Finding Way Under River

Finding A Way Under The River

Finding Way Under RiverNothing displays the benefits and capabilities of directional drilling better than a river crossing. While these crossings have become commonplace over the last 15 years, they still present distinct challenges for drill operators and equipment. Difficult soil conditions under river bottoms and hydrostatic pressure from the river itself can combine to create problems during drilling applications. The drill rig seizing during product pullback, a condition often referred to as hydrolock, is one potential problem. Utilizing a pipe ramming tool during pullback is how one Minnesota contractor solved this problem.

Hugo, Minnesota based Lessard-Nyren was recently contracted to install 600 feet of 6-inch pipe under the Sauk River on the Northern side of St. Cloud, MN. The first contractor failed to complete the pilot bore under the river in extremely rocky and sandy soil conditions. Lessard-Nyren accepted the challenge.

Using an Advantage 8000 directional drill rig with 80,000 lbs. of pullback, the Lessard-Nyren crew was able to complete a pilot bore under the river. On the other side, the crew attached a 14-inch back reamer and attempted to pull back 6-inch HDPE SDR 11. Once in place, the pipe would house 3 innerducts for fiber optic cable.

The crew pulled the HDPE approximately 400 feet before it seized in the rocky soil. The Advantage rig was powerful enough to pull the SDR 11 pipe apart. Crew supervisor Greg Jungwirth re-evaluated the job and decided to employ a different strategy. Jungwirth believed the crossing could be completed using a pneumatic pipe ramming tool to assist during product pullback. He turned to Mike Tjader and pipe ramming tool manufacturer TT Technologies, Aurora, Illinois, for technical support.

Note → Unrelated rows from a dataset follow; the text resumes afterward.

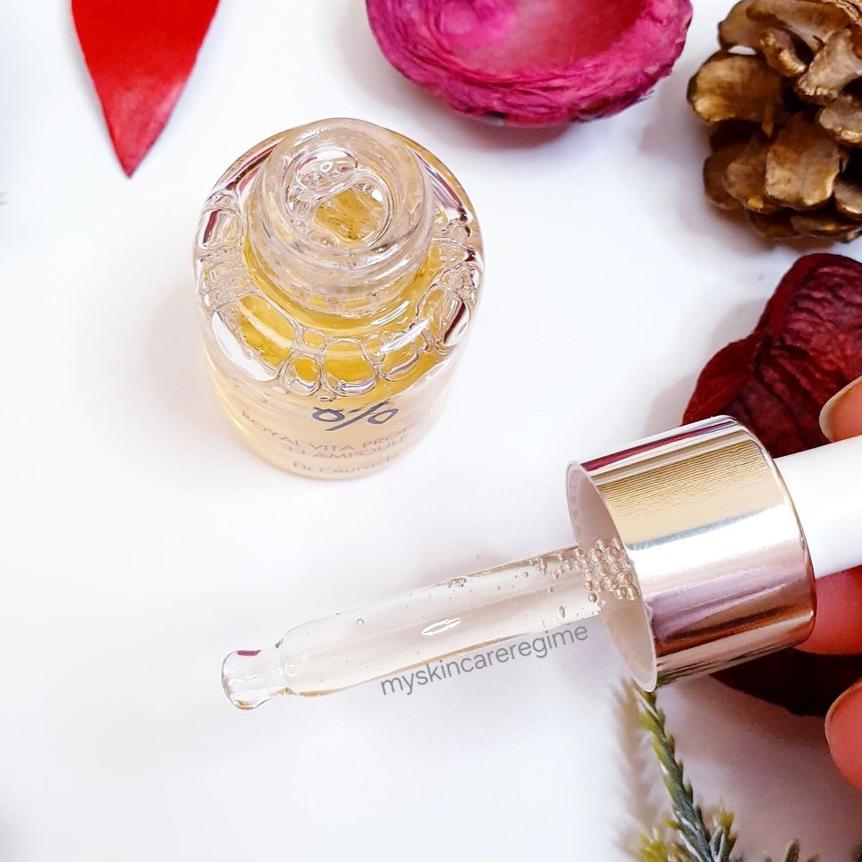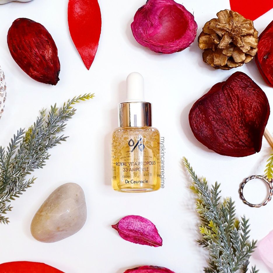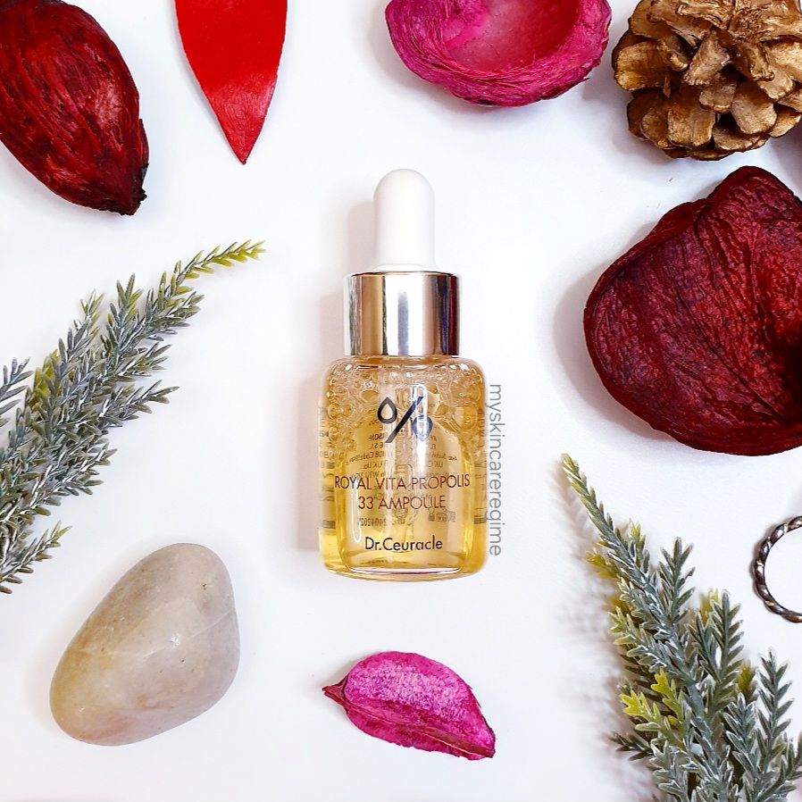 What is it + What does it do?: An ampoule containing Propolis + Royal Jelly + Vitamin C + Rose water+ Niacinamide + Panthenol + Ethyl Ascorbyl Ether (A Vitamin C Derivative) to relive irritated / sensitive skin, brighten and protect the skin, keeping it hydrated and conditioned.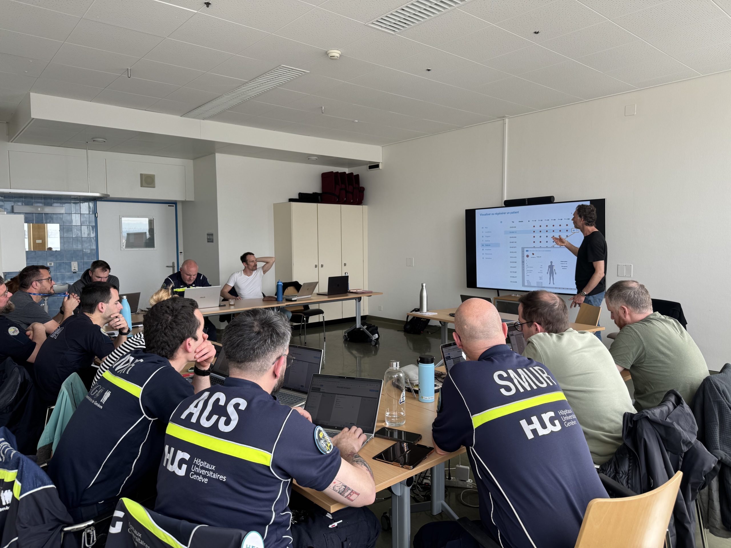 Lors de la journée technique Romande (JTR) des postes médicaux avancés, Xavier Good (Albasim) et Eric Golay (HUG) ont animé un atelier basé sur notre simulation de pré-tri des blessés, qui a rencontré un vif succès. Tout au long de la matinée, cinq sessions ont réuni dix groupes de participants venus d’horizons variés — médecins, infirmiers, sage-femmes ambulanciers et secouristes — pour découvrir et tester la simulation du pré-triage.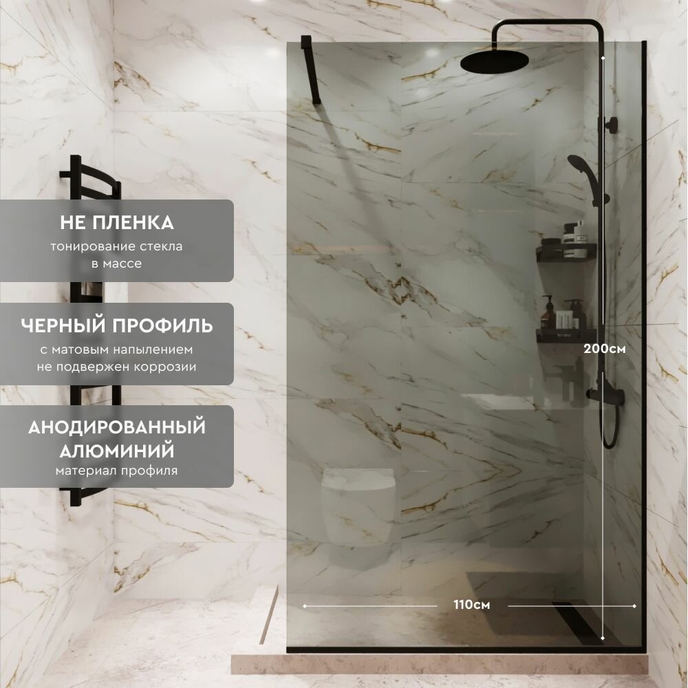 Купить Душевая перегородка Walk In MEBELVANN 1100×2000 черный профиль тонированное стекло 8 мм с доставкой по всей России.
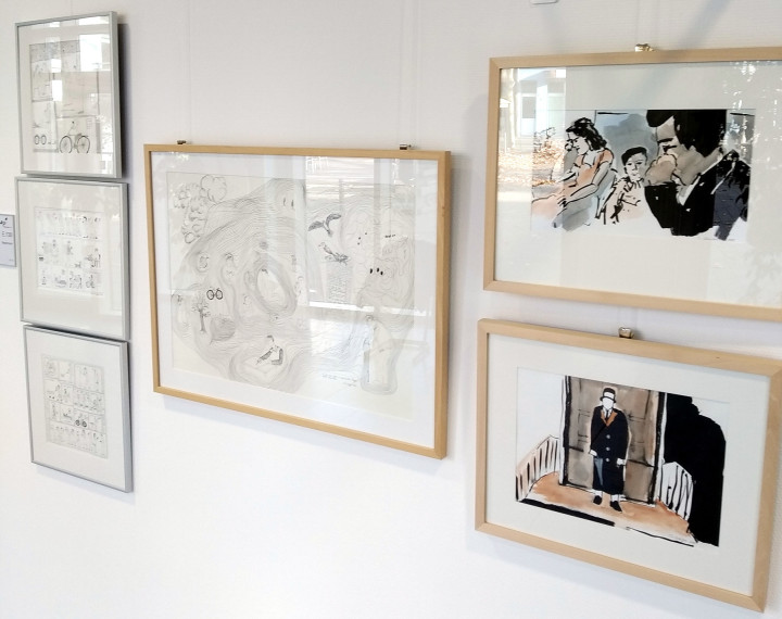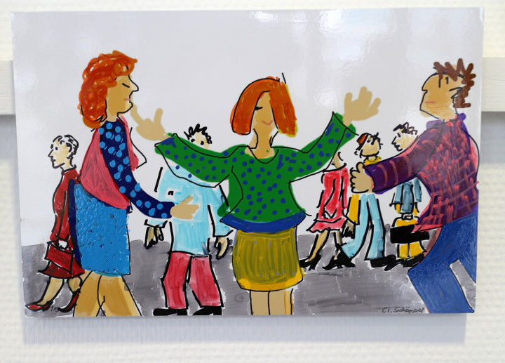 Tablet Finger Drawings, weitere Zeichnungen und Mischtechniken von mir sind weiterhin im Cafe zu sehen. Einige Bilder beziehen sich thematisch auf die Cafe-Situation, Menschen sitzen gemütlich beisammen. Kaffee und Anderes, Kommunikation, Kunst und Speisen.

Tjader explains, “Seized drill stems or product pipe can often be freed by using a pipe ramming tool. The tool is attached to the end of the product pipe and when pullback slows or stops, the tool is started. The percussive action of the rammer helps move the pipe through the difficult section.”

The Lessard-Nyren crew completed a second pilot bore parallel to the first. Again a 14-inch back reamer was attached and pullback began. This time the crew pulled 5-inch steel pipe and used a Grundoram Hercules pipe ramming tool from TT Technologies.

The crew was able to pull the 5-inch steel pipe to within 200-ft of shore before the reamer wore out. Tjader said, “We tried to coordinate tapping with the rammer and pulling with the drill, but the reamer wasn’t cutting anymore. We decided to try and remove the pipe.”

Using the Grundoram Hercules, the crew rammed the pipe forward until they broke free of the drill. The rammer was then reversed and removed about 100 feet of the pipe. According to Tjader, the crew then attached a bracket to the pipe and pulled the remaining 300 feet out with a backhoe. Without the pipe attached, the crew was eventually able to complete the bore with the worn out reamer.

Using a different reamer, the Lessard Nyren crew set out for a third attempt. Tjader said, “In order to avoid damage to the product pipe, we decided to set a pull limit of 40,000 lbs. When we reached that level, we would start the pipe ramming tool to help with the pullback.”

The crew followed the last bore path. Once on the other side, they attached a new 15-inch reamer and began pulling back the 5-inch steel pipe. Tjader said, “We got about half way through the 600-ft run before the pulling tension reached 40,000 lbs. We started the Hercules and tapped on the pipe. We ran the hammer at 35% power for about 4 feet, until the pipe loosened up. We continued that way for the last several hundred feet, until completing the pullback.”

The crew was extremely pleased by the results. Tjader said, “I guess third time’s a charm. It was a tough job. It took a lot of patience and know-how on Lessard-Nyren’s part. A little help from the pipe rammer didn’t hurt either.”